### Requirement
Type out each entry exactly as it appears, but keep every image out.

### Given entries
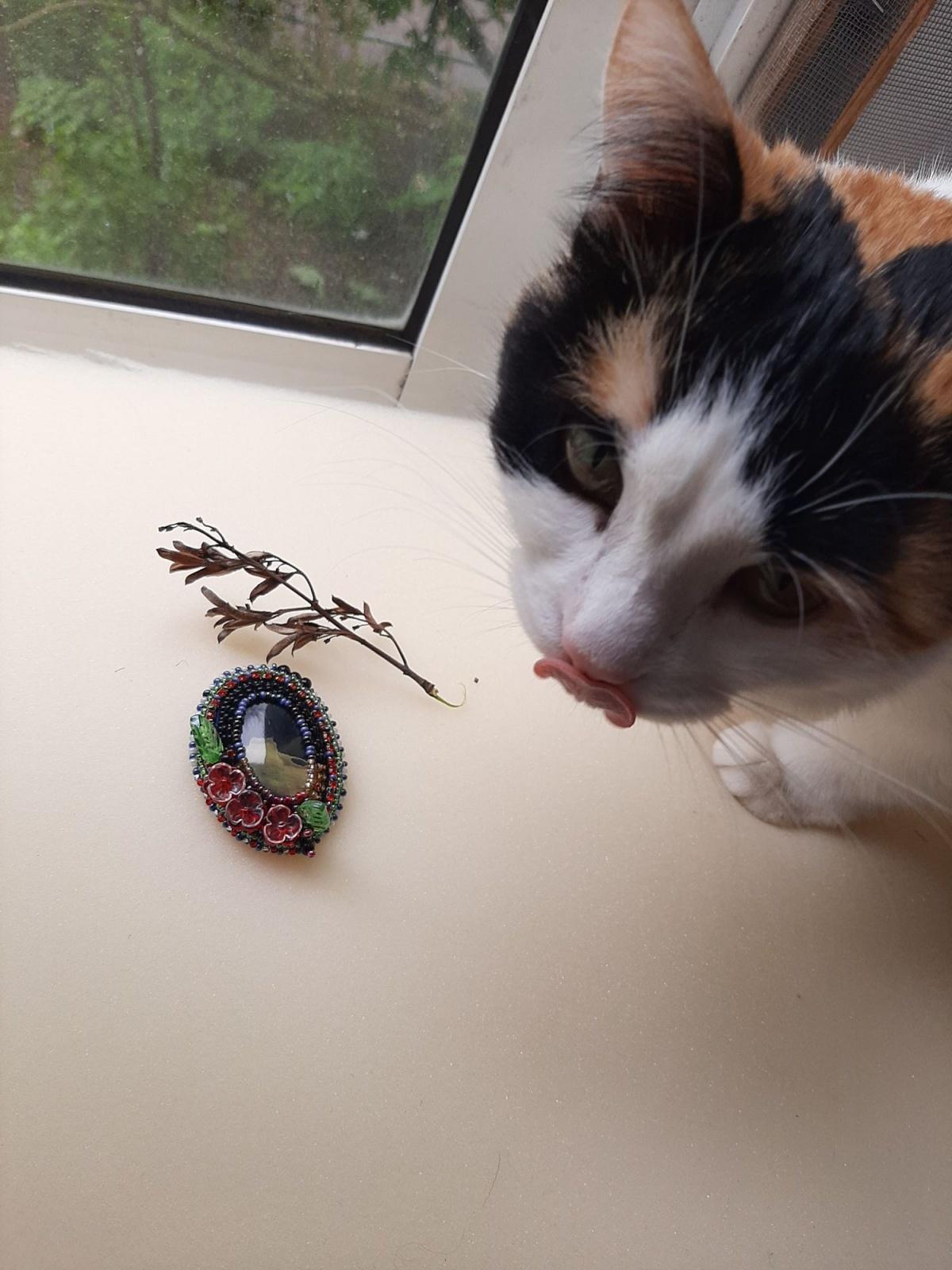Яшма попалась такая зловещая, с четкими переходами, а тут еще старую песню «Я и ты» М Распутиной из фильма услышала… и понеслось… Еще заделочного ряда не шила, а у брошки уже хозяйка нашлась! ну и Луша, поганка, со всех сторон обсмотрела, облиза хвостатая
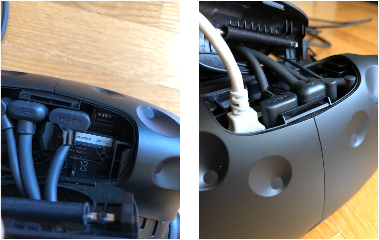 - Remove the top sliding cover on the HTC Vive to get access to the spare USB port.
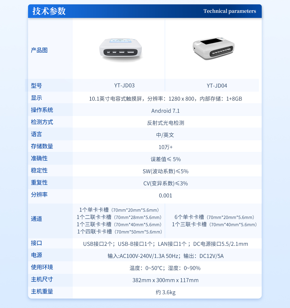 | 1、★ 10.1英寸電容式觸摸屏,分辨率:1280:x:800,內部存儲:1+8GB | 2、 操作系統:Android:7.1 | 3、 ★檢測方式:反射式光電 | 4、 語言:中/英文: | 5、 存儲數量:10萬+ | 6、 準確性:誤差值≤:5% | 7、 穩定性:SW(波動系數)≤5% | 8、 重復性:CV(變異系數)≤3% | 9、 分辨率:0.001 | 10、 ★通道:1個單卡卡槽(70mm*20mm*5.6mm);1個二聯卡卡槽(70mm*28mm*5.6mm);1個三聯卡卡槽(70mm*40mm*5.6mm);1個四聯卡卡槽(70mm*50mm*5.6mm) | 11、 檢測時間:<:5秒:(單卡及多聯卡);可對樣本進行檢測。<> | 12、 打印機:熱敏打印機(熱敏打印紙:57*30mm) | 13、 ★數據傳輸:WiFi、藍牙、USB、射頻讀卡、外置掃碼模塊(選配) | 14、 ★數據處理:可通過通訊端口進行數據匯總、上傳監管平臺等 | 15、 ★檢測通道孵育檢測一體,溫度范圍::室溫:+5℃:~:60℃ | 16、 ★接口:USB接口:2個;USB-B接口:1個;LAN接口:1個:;DC電源接口:5.5/2.1mm | 17、 電源:輸入:AC:220V:±:20V,:50Hz:±:1Hz;輸出:DC:12V,:5A | 18、 使用環境:溫度:0~50℃;濕度:0~90%: | 19、 主機尺寸::382mm:x:300mm:x:117mm | 20、 主機重量:約:3.6kg |
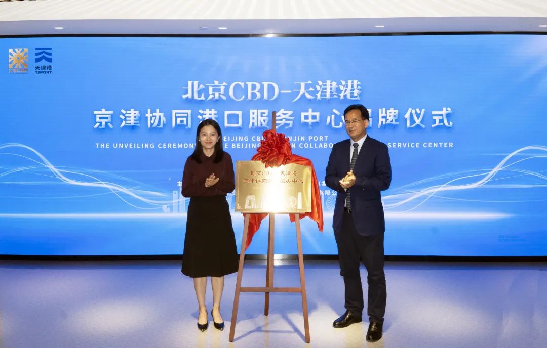 为深入落实天津市委“十项行动”,助推京津冀协同发展走深走实,推动北京市朝阳区政府与天津市滨海新区政府签署的战略合作框架协议落地实施,6月14日下午,由天津港集团联合北京CBD管委会、北京朝阳海关共同设立的“北京CBD-天津港京津协同港口服务中心”在京揭牌成立。天津港集团副总裁刘庆顺、北京CBD管委会主任陈黛出席揭牌仪式。
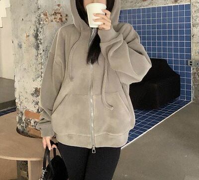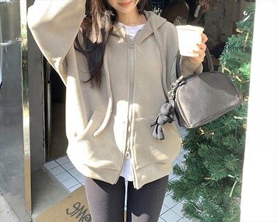 ベロア フード付き ジップアップ パーカー レディース トップス 羽織 丈長 長袖 ドロップショルダー フード ポケット 前開き ドロスト ベルベット かわいい 大人可愛い シンプル カジュアル おし
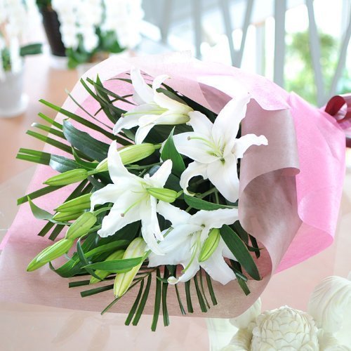 誕生日、記念日、お供え、命日等に大変人気のある商品です。オリエンタル系の白いゆりを豪華に花束にしました。お花は最低でお選びいただいた数以上です。(開花と蕾の合計です。)父の日のギフトにも最適です。長持ちするよう、基本的に蕾が多めでのお届けとなります。 また、入荷のタイミングによりことなります。
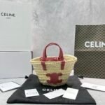 Celine Teen Triomphe Classic Pannier Tote Dark Pink For Women 8in/20cm
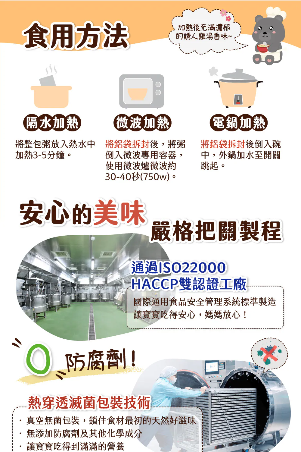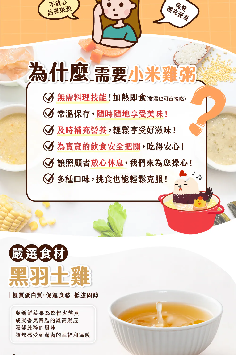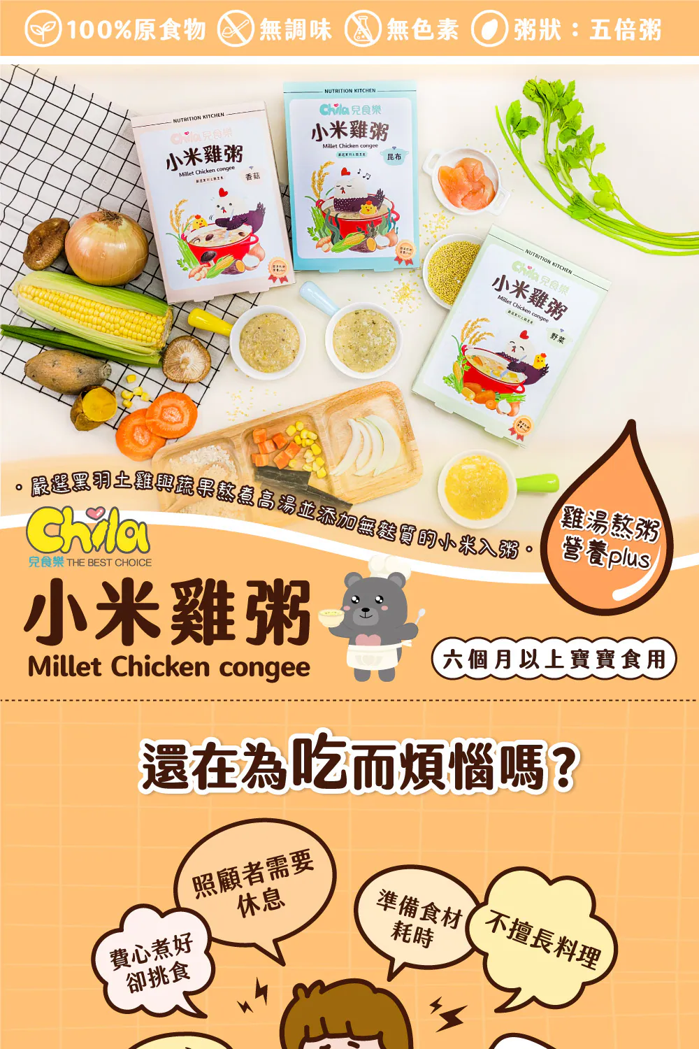 .成分:雞高湯(RO水、雞肉、洋蔥、玉米、西洋芹)、RO水、地瓜、白米、雞肉、香菇、小米
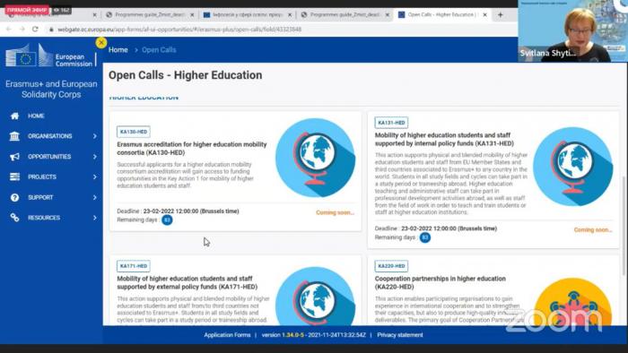 Представники Харківського національного університету внутрішніх справ долучилися до інформаційного вебінару щодо пріоритетів підготовки проєктів у сфері освіти та участі в конкурсах Програми ЄС Еразмус+, проведеного Представництвом ЄС в Україні спільно з Європейським виконавчим агентством з питань освіти і культури та Міністерством освіти і науки України. Метою проведення інформаційної сесії стала презентація конкурсних програм ЄС Еразмус+ 2022 р., проєктів академічної (кредитної) мобільності, віртуальних обмінів, спільних магістерських програм Еразмус Мундус. Спікерами заходу також було наголошено на розбудові потенціалу у сфері вищої освіти, професійно-технічної та фахової передвищої освіти, налагодженню співпраці у сфері шкільної освіти.

### Solved exercise
Яшма попалась такая зловещая, с четкими переходами, а тут еще старую песню «Я и ты» М Распутиной из фильма услышала… и понеслось… Еще заделочного ряда не шила, а у брошки уже хозяйка нашлась! ну и Луша, поганка, со всех сторон обсмотрела, облиза хвостатая
 - Remove the top sliding cover on the HTC Vive to get access to the spare USB port.
 | 1、★ 10.1英寸電容式觸摸屏,分辨率:1280:x:800,內部存儲:1+8GB | 2、 操作系統:Android:7.1 | 3、 ★檢測方式:反射式光電 | 4、 語言:中/英文: | 5、 存儲數量:10萬+ | 6、 準確性:誤差值≤:5% | 7、 穩定性:SW(波動系數)≤5% | 8、 重復性:CV(變異系數)≤3% | 9、 分辨率:0.001 | 10、 ★通道:1個單卡卡槽(70mm*20mm*5.6mm);1個二聯卡卡槽(70mm*28mm*5.6mm);1個三聯卡卡槽(70mm*40mm*5.6mm);1個四聯卡卡槽(70mm*50mm*5.6mm) | 11、 檢測時間:<:5秒:(單卡及多聯卡);可對樣本進行檢測。<> | 12、 打印機:熱敏打印機(熱敏打印紙:57*30mm) | 13、 ★數據傳輸:WiFi、藍牙、USB、射頻讀卡、外置掃碼模塊(選配) | 14、 ★數據處理:可通過通訊端口進行數據匯總、上傳監管平臺等 | 15、 ★檢測通道孵育檢測一體,溫度范圍::室溫:+5℃:~:60℃ | 16、 ★接口:USB接口:2個;USB-B接口:1個;LAN接口:1個:;DC電源接口:5.5/2.1mm | 17、 電源:輸入:AC:220V:±:20V,:50Hz:±:1Hz;輸出:DC:12V,:5A | 18、 使用環境:溫度:0~50℃;濕度:0~90%: | 19、 主機尺寸::382mm:x:300mm:x:117mm | 20、 主機重量:約:3.6kg |
 为深入落实天津市委“十项行动”,助推京津冀协同发展走深走实,推动北京市朝阳区政府与天津市滨海新区政府签署的战略合作框架协议落地实施,6月14日下午,由天津港集团联合北京CBD管委会、北京朝阳海关共同设立的“北京CBD-天津港京津协同港口服务中心”在京揭牌成立。天津港集团副总裁刘庆顺、北京CBD管委会主任陈黛出席揭牌仪式。
 ベロア フード付き ジップアップ パーカー レディース トップス 羽織 丈長 長袖 ドロップショルダー フード ポケット 前開き ドロスト ベルベット かわいい 大人可愛い シンプル カジュアル おし
 誕生日、記念日、お供え、命日等に大変人気のある商品です。オリエンタル系の白いゆりを豪華に花束にしました。お花は最低でお選びいただいた数以上です。(開花と蕾の合計です。)父の日のギフトにも最適です。長持ちするよう、基本的に蕾が多めでのお届けとなります。 また、入荷のタイミングによりことなります。
 Celine Teen Triomphe Classic Pannier Tote Dark Pink For Women 8in/20cm
 .成分:雞高湯(RO水、雞肉、洋蔥、玉米、西洋芹)、RO水、地瓜、白米、雞肉、香菇、小米
 Представники Харківського національного університету внутрішніх справ долучилися до інформаційного вебінару щодо пріоритетів підготовки проєктів у сфері освіти та участі в конкурсах Програми ЄС Еразмус+, проведеного Представництвом ЄС в Україні спільно з Європейським виконавчим агентством з питань освіти і культури та Міністерством освіти і науки України. Метою проведення інформаційної сесії стала презентація конкурсних програм ЄС Еразмус+ 2022 р., проєктів академічної (кредитної) мобільності, віртуальних обмінів, спільних магістерських програм Еразмус Мундус. Спікерами заходу також було наголошено на розбудові потенціалу у сфері вищої освіти, професійно-технічної та фахової передвищої освіти, налагодженню співпраці у сфері шкільної освіти.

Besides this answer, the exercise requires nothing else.